Mehmet Akhoroz, Caglar Yildirim

TL;DR

The paper investigates how programmers interact with LLM-based conversational coding assistants through a survey, focusing on usage patterns, perceived usefulness, interaction strategies, and adoption barriers. It finds that developers primarily use these tools for debugging and explaining concepts rather than generating code, and that iterative prompt refinement and verification are common practices. Key contributions include empirical insights into usage, a set of design guidelines for context-aware, transparent, multimodal, and IDE-integrated assistants, and discussions of barriers such as trust and ethical concerns.
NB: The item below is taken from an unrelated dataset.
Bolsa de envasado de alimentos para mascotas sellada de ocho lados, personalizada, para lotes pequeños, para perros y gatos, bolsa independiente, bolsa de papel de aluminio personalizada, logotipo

The work advances practical guidance for integrating LLM-driven coding assistants into real software development workflows and outlines directions for future multimodal, context-preserving, and learning-supportive AI copilots.

Abstract

Conversational AI interfaces powered by large language models (LLMs) are increasingly used as coding assistants. However, questions remain about how programmers interact with LLM-based conversational agents, the challenges they encounter, and the factors influencing adoption. This study investigates programmers' usage patterns, perceptions, and interaction strategies when engaging with LLM-driven coding assistants. Through a survey, participants reported both the benefits, such as efficiency and clarity of explanations, and the limitations, including inaccuracies, lack of contextual awareness, and concerns about over-reliance. Notably, some programmers actively avoid LLMs due to a preference for independent learning, distrust in AI-generated code, and ethical considerations. Based on our findings, we propose design guidelines for improving conversational coding assistants, emphasizing context retention, transparency, multimodal support, and adaptability to user preferences. These insights contribute to the broader understanding of how LLM-based conversational agents can be effectively integrated into software development workflows while addressing adoption barriers and enhancing usability.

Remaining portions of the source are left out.